Data extracted from a collection:
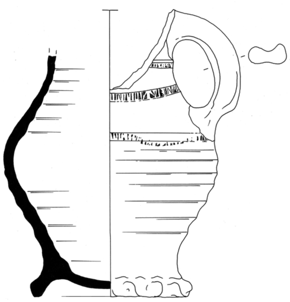 | 4b | bolle drinkkan met hoge schouder en cilindrische hals, ribben op halsaanzet, standring |
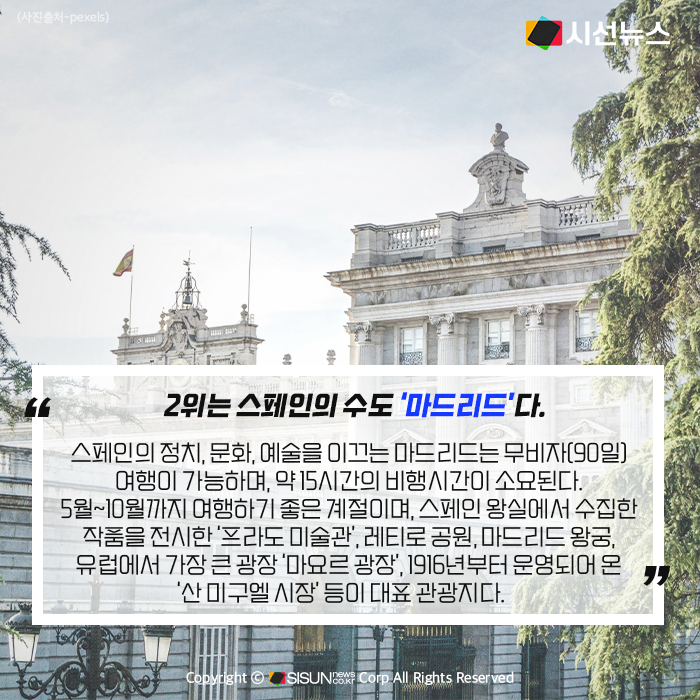 2위는 스페인의 수도 ‘마드리드’다. 스페인의 정치, 문화, 예술을 이끄는 마드리드는 무비자(90일) 여행이 가능하며, 약 15시간의 비행시간이 소요된다. 5월~10월까지 여행하기 좋은 계절이며, 스페인 왕실에서 수집한 작품을 전시한 ‘프라도 미술관’, 레티로 공원, 마드리드 왕궁, 유럽에서 가장 큰 광장 ‘마요르 광장’, 1916년부터 운영되어 온 ‘산 미구엘 시장’ 등이 대표 관광지다.
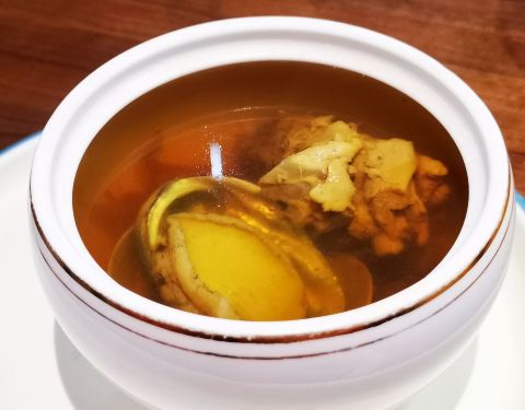 |虫草鲍鱼例汤(上位)^相比起四个月前来喝的鲍鱼汤,可能进行改进了? 基本没腥味了! 值得表扬!!确实有进步。
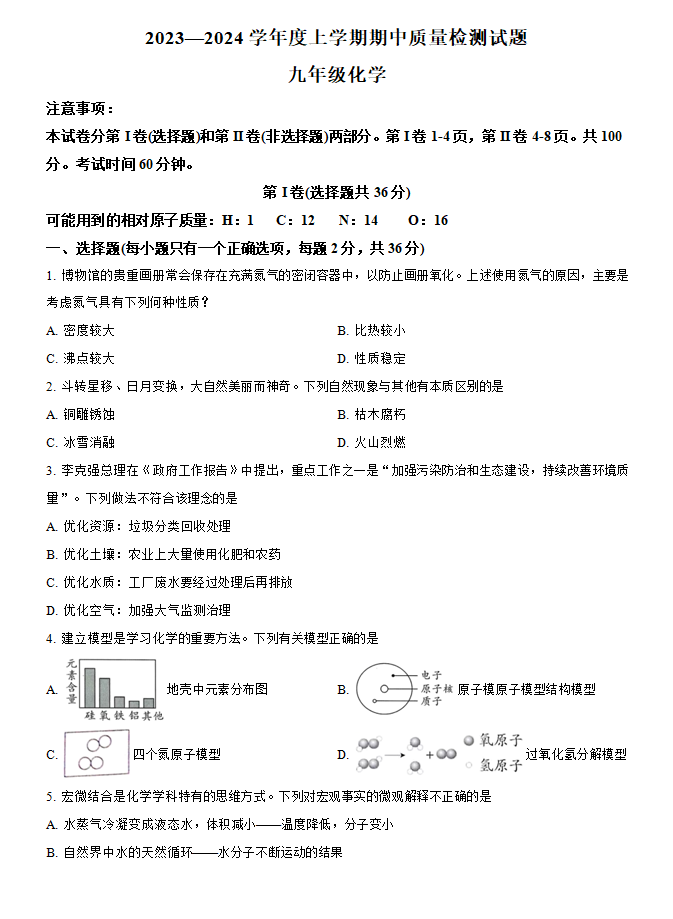 上一篇:山东省临沂市临沭县第三初级中学2023-2024学年九年级上学期期中化学试题
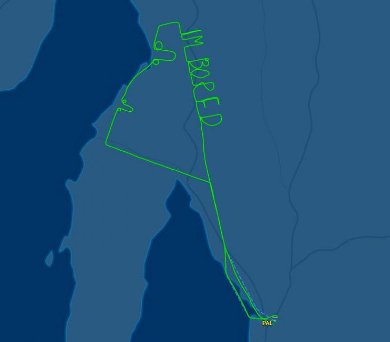 De piloot paste zijn gps-coördinaten immers meermaals aan, om uiteindelijk tot een boodschap te komen die zichtbaar is in het trajectoverzicht. Zo zien we hoe hij twee penissen tekende' en de zin I'm bored' (Ik verveel me) schreef'.
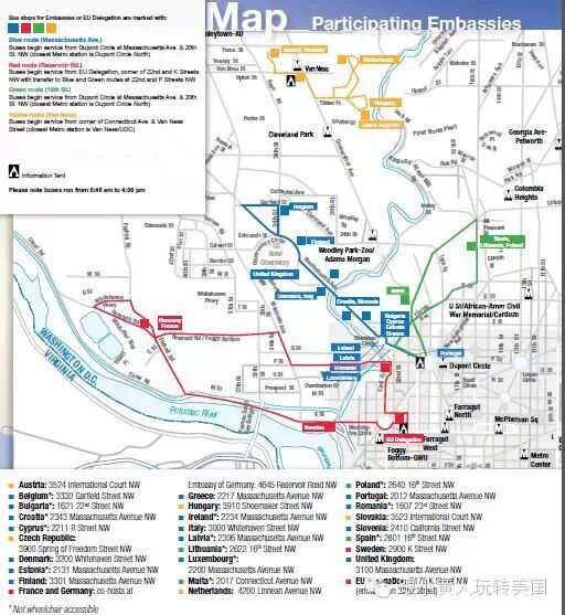 本周六(5.9日)10:00AM到4:00PM是欧盟使馆开放日,共有28个欧盟国家参加此次活动。该项活动是华盛顿地区非常火爆的一项文化活动,小黄人根据DC吃喝玩乐群的群友往年的经验和使馆开放日今年的官方网站介绍,给出以下的欧盟使馆开放日全攻略。 首先必须写在最前面强调的是欧盟使馆开放日是极其火爆的一项活动,如果你觉得上周走遍世界使馆开放日人已经多的让你无法忍受的话,劝你果断放弃欧盟使馆开放日的活动。另外本周六气温异常炎热,如果带着老人和孩子无法忍受炎热和大队的话,也建议您趁早放弃。由于排队时间过长,如果参加,请一定穿一双舒服的鞋子,切记切记! 由于参与人数太多,所以想在一天之内逛完这28个国家的使馆是完全没有任何可能的,请大家在临行之前仔细研究地图,确定一下自己想去哪个方向,不要贪多,以免排队排死。热门使馆排队排上一个多小时都是很正常的事情,请大家一定要有心理准备。如果能早去的尽量早去,起码可以节省一点排队时间,也不至于那么热。下面是这次使馆节的地图和shuttle标示: 以下是往年欧盟使馆开放日DC吃喝玩乐群网友的总结,今年的活动很可能有不同,所以以下内容仅供参考: 德国:今年法国使馆关闭,德法两国合办的活动在德国使馆举行。德国使馆是很受欢迎的一个场馆,卖啤酒香肠,有手风琴表演,画脸师傅很棒(今年仍旧有免费画脸活动),往年曾经送过真丝领带。 法国:往年有马车,吃的也不错,为使馆节的大热,往年曾经送过法英词典。 比利时:啤酒巧克力都发,不过没什么活动所以没有照片。 丹麦:给小朋友发乐高,但是如果去晚了没领到会比较无聊,室内只有自行车展出。 意大利:有精彩的高跷表演和意大利合唱团表演以及豪车展示,游客还可以进车里去体验,也是一个非常精彩的使馆。馆内卖的提拉米苏味道不错,但是排队的人很多。 英国:占地面积很大,展出内容颇多(有豪车),有歌剧演出,有人教踢足球,去年还送游客伞 克罗地亚:可以品尝干红和柔红,有音乐演出和绘画展览 爱尔兰:有踢踏舞演出 荷兰:开放大使的住宅,很漂亮,大使出来跟大家见面,但是不能照相。 芬兰:使馆是清一色的疯狂小鸟 一个另类的推荐是马耳他大使馆,推荐的主要原因是基本不排队,大使亲自出来迎接,随便拍照,有一点吃的。但是非常小,两层楼10分钟就逛完了。 感谢DC吃喝玩乐群的花农以及技术支持等朋友为本文提供精彩绝伦的照片,下面是一些其他使馆节活动的照片: 同时本人还简单翻译总结了今年使馆节官方主页给出的各国活动,活动具体宣传请点击本篇文章左下角的“阅读原文”,即可查看该活动官方网页,点击官网右下角可以下载本次活动的地图和宣传单。 拉托维亚(Latvia):有舞蹈演出,和知名作家见面活动以及画展 立陶宛(Lithuania):没有具体说明有什么活动 卢森堡(Luxembourg):有展台展出传统瓷器 马耳他(Malta):有自制甜品和历史文献展出 荷兰(Netherlands): 有食品试尝,还可以带孩子玩荷兰的传统游戏 波兰(Poland):有大使馆主厨提供的食品品尝 葡萄牙(Portugal):葡萄牙制品展和摄影展 罗马尼亚(Romania):有当地食品饮料提供,还有民族舞蹈表演 斯洛伐克(Slovakia):音乐舞蹈表演,传统乐器展示,传统饮料和食品品尝,可以见该国的大使,还有有关这个国家知识的测试(有奖品) 斯洛文尼亚(Slovenia):没有具体说明有什么活动 西班牙(Spain):有酒喝Tapas品尝,有介绍西班牙的艺术和文化的活动 瑞典(Sweden):有活动,但是具体是什么活动没有说 英国(United Kingdom):有食品品尝,艺术展示还有适合家庭的活动 欧盟(European Union Delegation):送特制的行李箱tag,有给孩子活动的区域,送巧克力钱币 奥地利(Austria):可以见奥地利大使,可以尝奥地利酒,观看厨师如何做传统苹果点心 比利时(Belgium):可以品尝啤酒,巧克力和华夫饼,在facebook上回答问题可以赢取丁丁漫画书 保加利亚(Bulgaria):有民族歌舞表演和传统食物饮料品尝 克罗地亚(Croatia):可能有品酒 塞浦路斯(Cyprus):有传统食品饮料品尝,放纪录片介绍这个国家 捷克(Czech Republic):古典摩托展示,警犬表演,有食品饮料提供 丹麦(Denmark):可以玩乐高骑自行车 爱沙尼亚(Estonia):有知识测试,可以赢取两人六日爱沙尼亚旅行 芬兰(Finland):有传统食品提供 法国(France)和德国(Germany)今年在德国大使馆联合展示:有食品品尝,有人给游客画脸,还有很多其他活动 希腊(Greece):歌舞表演,照片展出 匈牙利(Hungary):歌舞演出,食品品尝 爱尔兰(Ireland):有什么活动没有说 意大利(Italy):有食品品尝,展出,歌舞和游戏。
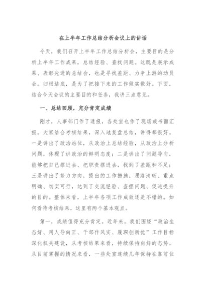 / 【七哥公文】2024年:在上半年工作总结分析会议上的讲话+更多免费公文+VX:QiGeGongWen2024

#### [WHAT IS BEING ASKED]
Type the entries above out again exactly, with no pictures.

#### [EXERCISE RESULT]
 | 4b | bolle drinkkan met hoge schouder en cilindrische hals, ribben op halsaanzet, standring |
 2위는 스페인의 수도 ‘마드리드’다. 스페인의 정치, 문화, 예술을 이끄는 마드리드는 무비자(90일) 여행이 가능하며, 약 15시간의 비행시간이 소요된다. 5월~10월까지 여행하기 좋은 계절이며, 스페인 왕실에서 수집한 작품을 전시한 ‘프라도 미술관’, 레티로 공원, 마드리드 왕궁, 유럽에서 가장 큰 광장 ‘마요르 광장’, 1916년부터 운영되어 온 ‘산 미구엘 시장’ 등이 대표 관광지다.
 |虫草鲍鱼例汤(上位)^相比起四个月前来喝的鲍鱼汤,可能进行改进了? 基本没腥味了! 值得表扬!!确实有进步。
 上一篇:山东省临沂市临沭县第三初级中学2023-2024学年九年级上学期期中化学试题
 De piloot paste zijn gps-coördinaten immers meermaals aan, om uiteindelijk tot een boodschap te komen die zichtbaar is in het trajectoverzicht. Zo zien we hoe hij twee penissen tekende' en de zin I'm bored' (Ik verveel me) schreef'.
 本周六(5.9日)10:00AM到4:00PM是欧盟使馆开放日,共有28个欧盟国家参加此次活动。该项活动是华盛顿地区非常火爆的一项文化活动,小黄人根据DC吃喝玩乐群的群友往年的经验和使馆开放日今年的官方网站介绍,给出以下的欧盟使馆开放日全攻略。 首先必须写在最前面强调的是欧盟使馆开放日是极其火爆的一项活动,如果你觉得上周走遍世界使馆开放日人已经多的让你无法忍受的话,劝你果断放弃欧盟使馆开放日的活动。另外本周六气温异常炎热,如果带着老人和孩子无法忍受炎热和大队的话,也建议您趁早放弃。由于排队时间过长,如果参加,请一定穿一双舒服的鞋子,切记切记! 由于参与人数太多,所以想在一天之内逛完这28个国家的使馆是完全没有任何可能的,请大家在临行之前仔细研究地图,确定一下自己想去哪个方向,不要贪多,以免排队排死。热门使馆排队排上一个多小时都是很正常的事情,请大家一定要有心理准备。如果能早去的尽量早去,起码可以节省一点排队时间,也不至于那么热。下面是这次使馆节的地图和shuttle标示: 以下是往年欧盟使馆开放日DC吃喝玩乐群网友的总结,今年的活动很可能有不同,所以以下内容仅供参考: 德国:今年法国使馆关闭,德法两国合办的活动在德国使馆举行。德国使馆是很受欢迎的一个场馆,卖啤酒香肠,有手风琴表演,画脸师傅很棒(今年仍旧有免费画脸活动),往年曾经送过真丝领带。 法国:往年有马车,吃的也不错,为使馆节的大热,往年曾经送过法英词典。 比利时:啤酒巧克力都发,不过没什么活动所以没有照片。 丹麦:给小朋友发乐高,但是如果去晚了没领到会比较无聊,室内只有自行车展出。 意大利:有精彩的高跷表演和意大利合唱团表演以及豪车展示,游客还可以进车里去体验,也是一个非常精彩的使馆。馆内卖的提拉米苏味道不错,但是排队的人很多。 英国:占地面积很大,展出内容颇多(有豪车),有歌剧演出,有人教踢足球,去年还送游客伞 克罗地亚:可以品尝干红和柔红,有音乐演出和绘画展览 爱尔兰:有踢踏舞演出 荷兰:开放大使的住宅,很漂亮,大使出来跟大家见面,但是不能照相。 芬兰:使馆是清一色的疯狂小鸟 一个另类的推荐是马耳他大使馆,推荐的主要原因是基本不排队,大使亲自出来迎接,随便拍照,有一点吃的。但是非常小,两层楼10分钟就逛完了。 感谢DC吃喝玩乐群的花农以及技术支持等朋友为本文提供精彩绝伦的照片,下面是一些其他使馆节活动的照片: 同时本人还简单翻译总结了今年使馆节官方主页给出的各国活动,活动具体宣传请点击本篇文章左下角的“阅读原文”,即可查看该活动官方网页,点击官网右下角可以下载本次活动的地图和宣传单。 拉托维亚(Latvia):有舞蹈演出,和知名作家见面活动以及画展 立陶宛(Lithuania):没有具体说明有什么活动 卢森堡(Luxembourg):有展台展出传统瓷器 马耳他(Malta):有自制甜品和历史文献展出 荷兰(Netherlands): 有食品试尝,还可以带孩子玩荷兰的传统游戏 波兰(Poland):有大使馆主厨提供的食品品尝 葡萄牙(Portugal):葡萄牙制品展和摄影展 罗马尼亚(Romania):有当地食品饮料提供,还有民族舞蹈表演 斯洛伐克(Slovakia):音乐舞蹈表演,传统乐器展示,传统饮料和食品品尝,可以见该国的大使,还有有关这个国家知识的测试(有奖品) 斯洛文尼亚(Slovenia):没有具体说明有什么活动 西班牙(Spain):有酒喝Tapas品尝,有介绍西班牙的艺术和文化的活动 瑞典(Sweden):有活动,但是具体是什么活动没有说 英国(United Kingdom):有食品品尝,艺术展示还有适合家庭的活动 欧盟(European Union Delegation):送特制的行李箱tag,有给孩子活动的区域,送巧克力钱币 奥地利(Austria):可以见奥地利大使,可以尝奥地利酒,观看厨师如何做传统苹果点心 比利时(Belgium):可以品尝啤酒,巧克力和华夫饼,在facebook上回答问题可以赢取丁丁漫画书 保加利亚(Bulgaria):有民族歌舞表演和传统食物饮料品尝 克罗地亚(Croatia):可能有品酒 塞浦路斯(Cyprus):有传统食品饮料品尝,放纪录片介绍这个国家 捷克(Czech Republic):古典摩托展示,警犬表演,有食品饮料提供 丹麦(Denmark):可以玩乐高骑自行车 爱沙尼亚(Estonia):有知识测试,可以赢取两人六日爱沙尼亚旅行 芬兰(Finland):有传统食品提供 法国(France)和德国(Germany)今年在德国大使馆联合展示:有食品品尝,有人给游客画脸,还有很多其他活动 希腊(Greece):歌舞表演,照片展出 匈牙利(Hungary):歌舞演出,食品品尝 爱尔兰(Ireland):有什么活动没有说 意大利(Italy):有食品品尝,展出,歌舞和游戏。
 / 【七哥公文】2024年:在上半年工作总结分析会议上的讲话+更多免费公文+VX:QiGeGongWen2024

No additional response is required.